▶ [Task description]
The reply should repeat all of the data word for word, with no pictures.

▶ [Information supplied]
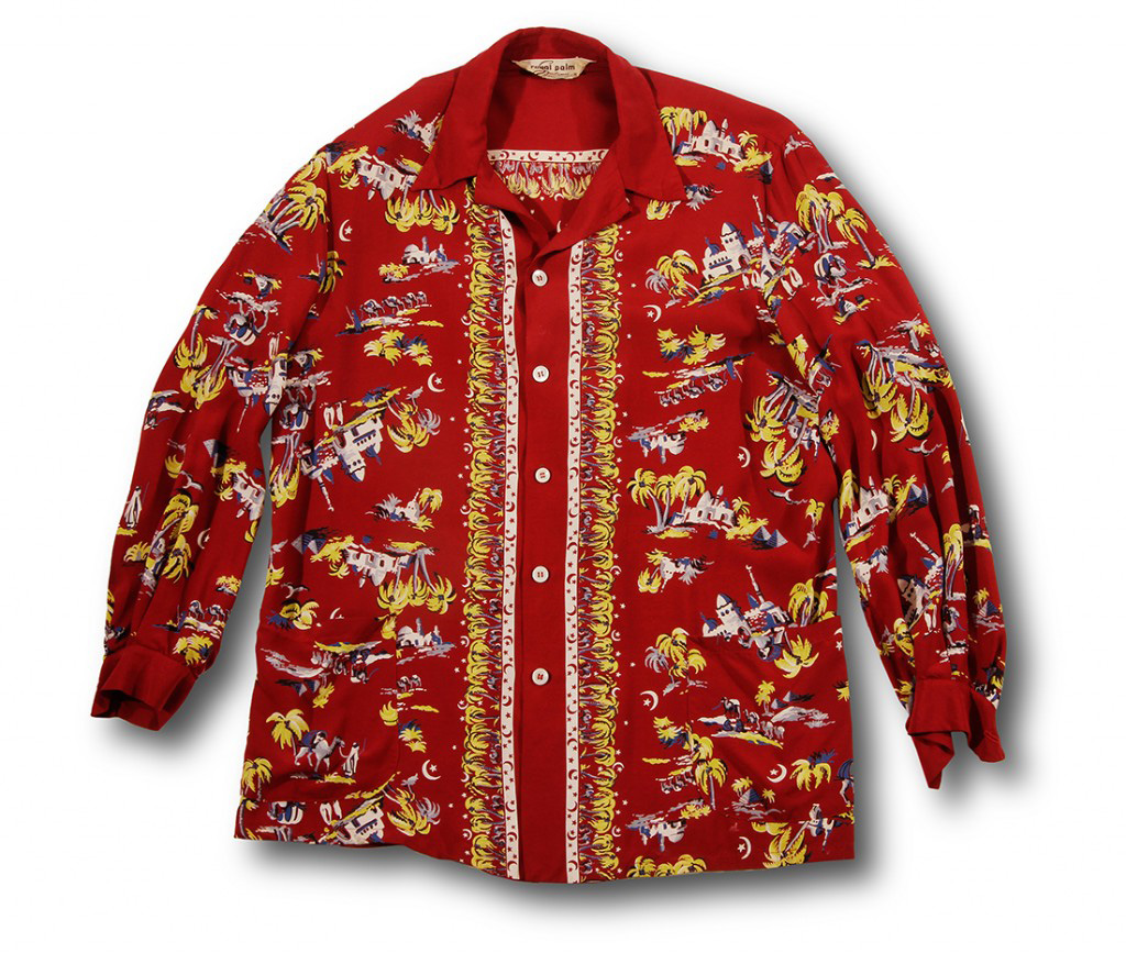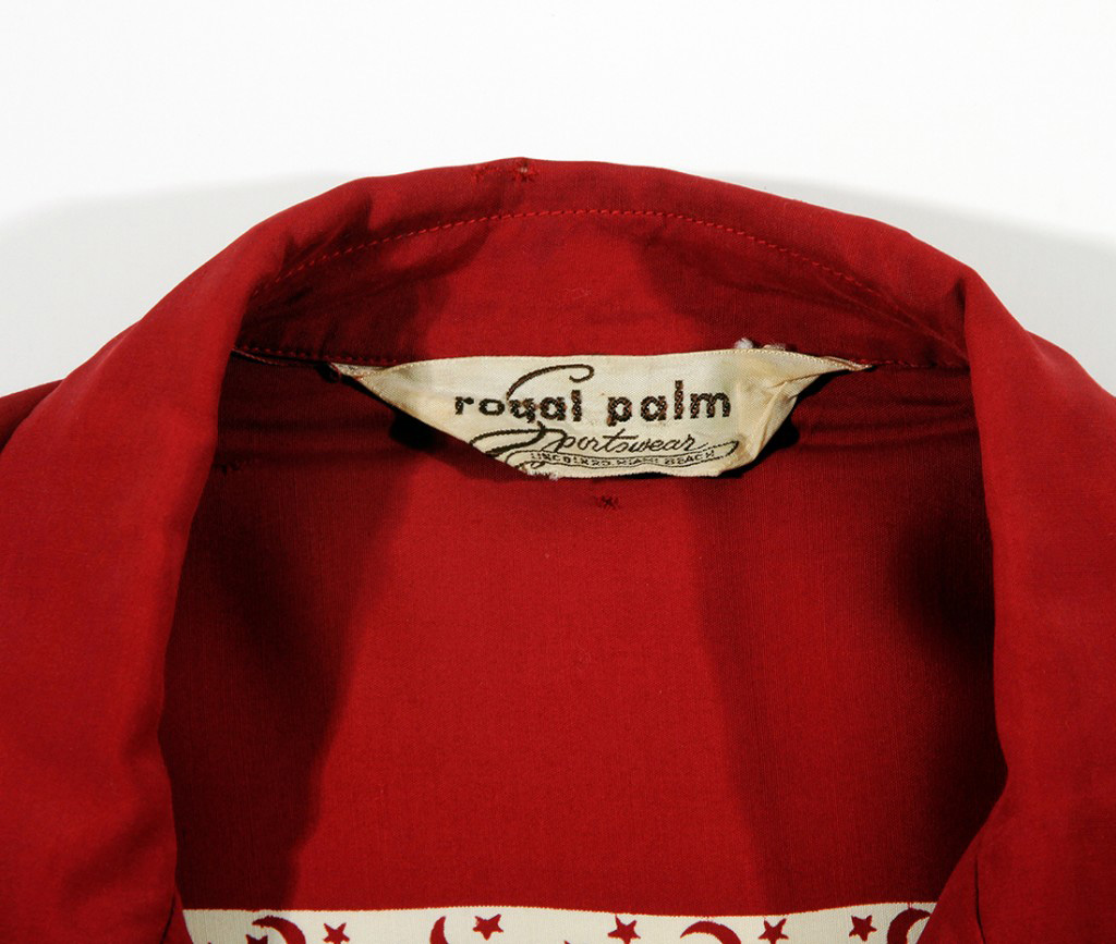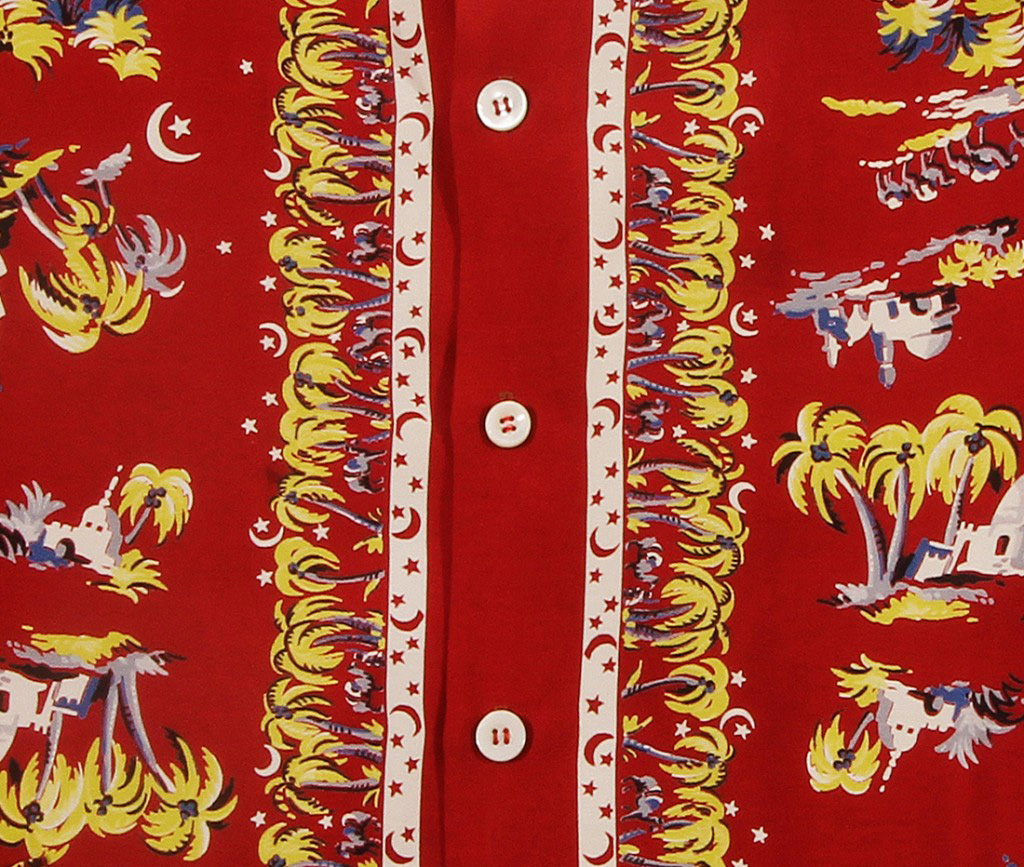 The influence of the Aloha Shirt went around the world to inspire this shirt. Intricately laid out with a well-engineered front of crescent moons and stars with rows of palms giving shade to resting shepherds and their camels. Lone shepherds walk their procession of camels past palms, pyramids, and various larger mosques.
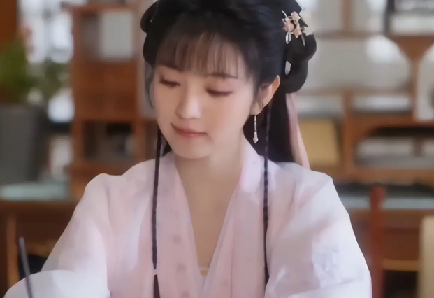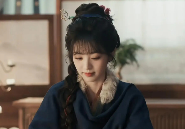 孔雪儿饰演的俞浅浅,穿一身绫罗绸缎,领口绣着精致暗纹,头发挽得利落大方,光洁的额头和清晰的下颌线一览无余。哪怕是慌慌张张用袖子擦嘴的小动作,眼神里也藏着股精明劲儿——那种江南女掌柜的从容大气,不用开口说话,就已经藏不住了。
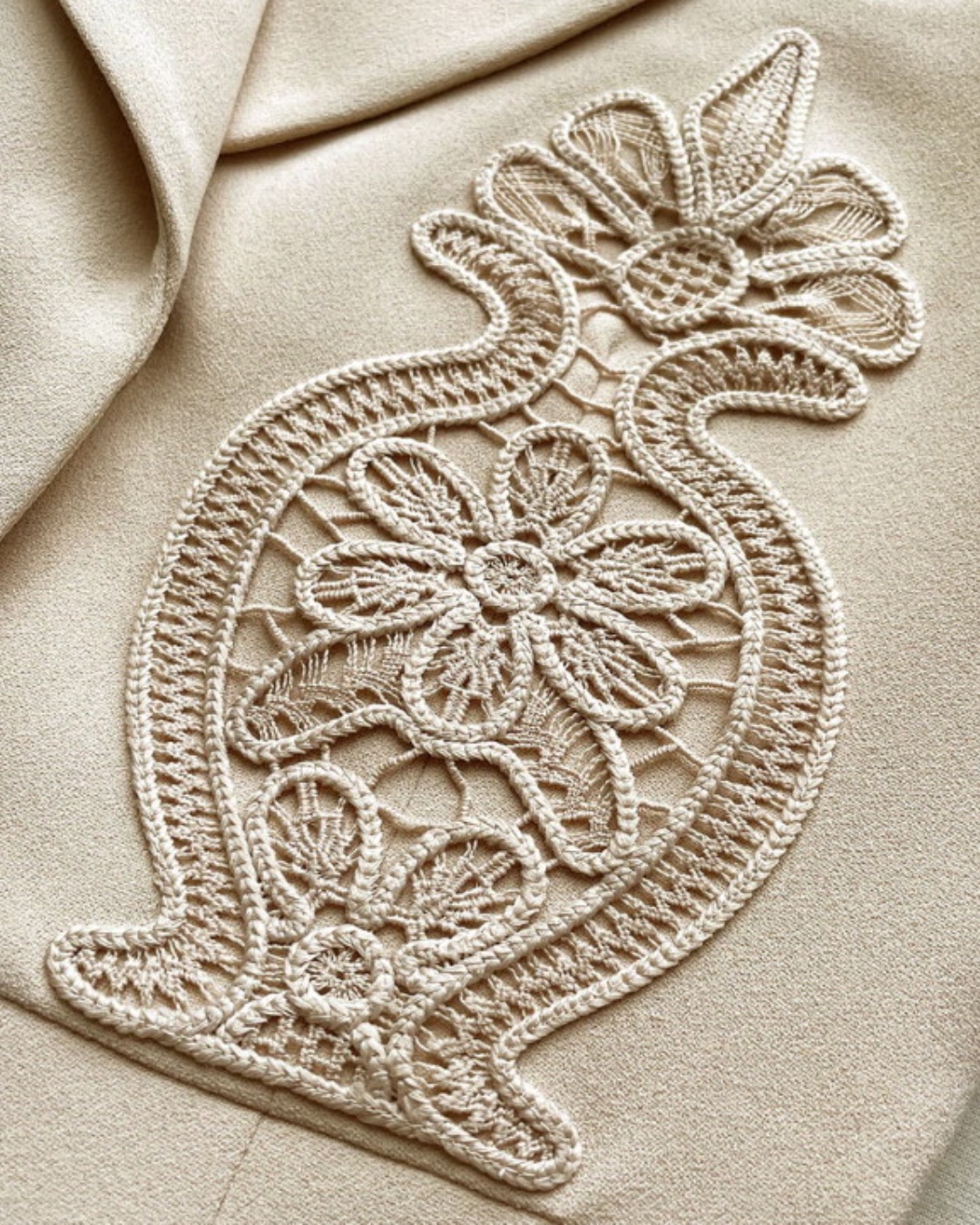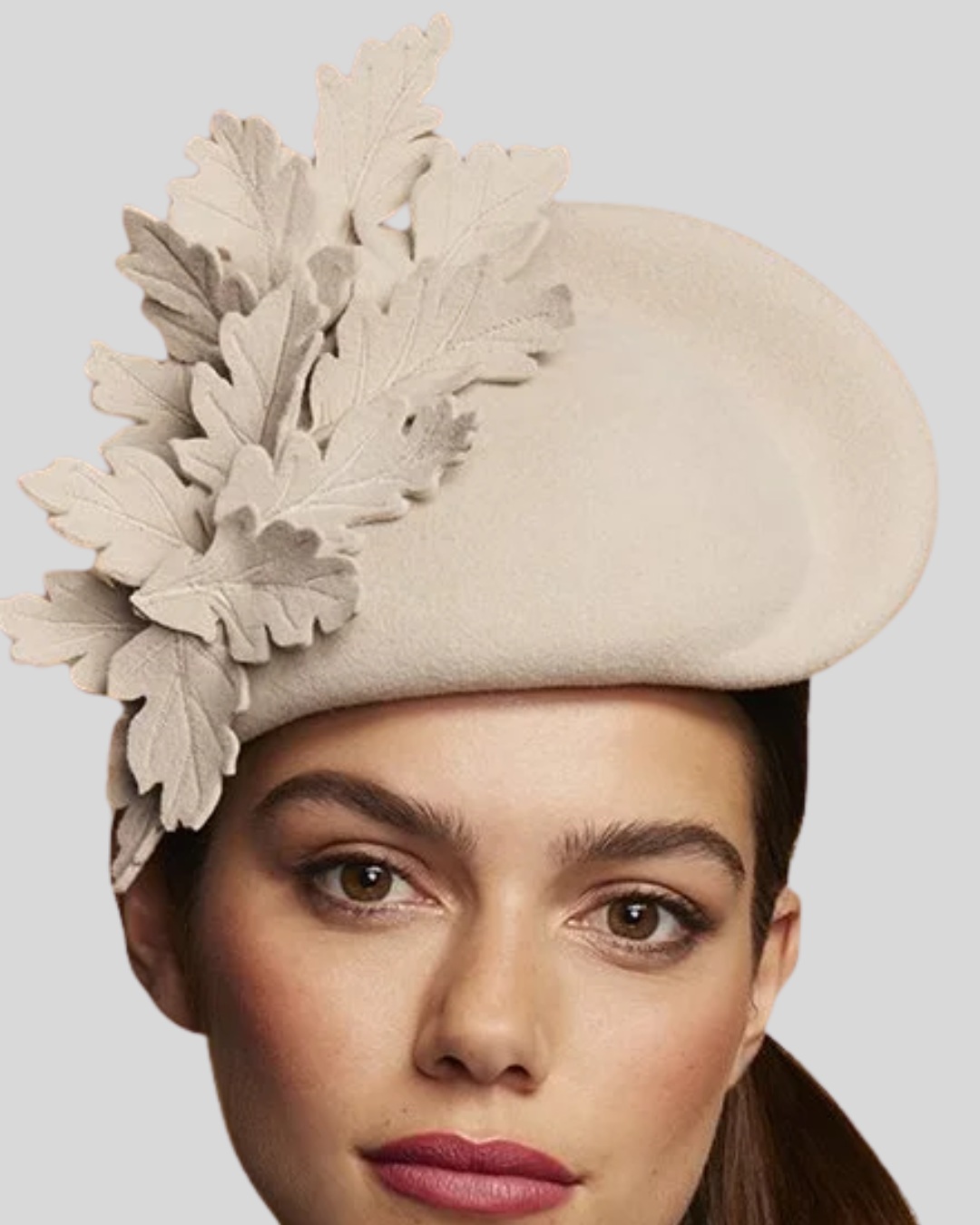 The teardrop-shaped hat features delicate fabric oak leaf appliqués.

▶ [Solution to this task]
 The influence of the Aloha Shirt went around the world to inspire this shirt. Intricately laid out with a well-engineered front of crescent moons and stars with rows of palms giving shade to resting shepherds and their camels. Lone shepherds walk their procession of camels past palms, pyramids, and various larger mosques.
 孔雪儿饰演的俞浅浅,穿一身绫罗绸缎,领口绣着精致暗纹,头发挽得利落大方,光洁的额头和清晰的下颌线一览无余。哪怕是慌慌张张用袖子擦嘴的小动作,眼神里也藏着股精明劲儿——那种江南女掌柜的从容大气,不用开口说话,就已经藏不住了。
 The teardrop-shaped hat features delicate fabric oak leaf appliqués.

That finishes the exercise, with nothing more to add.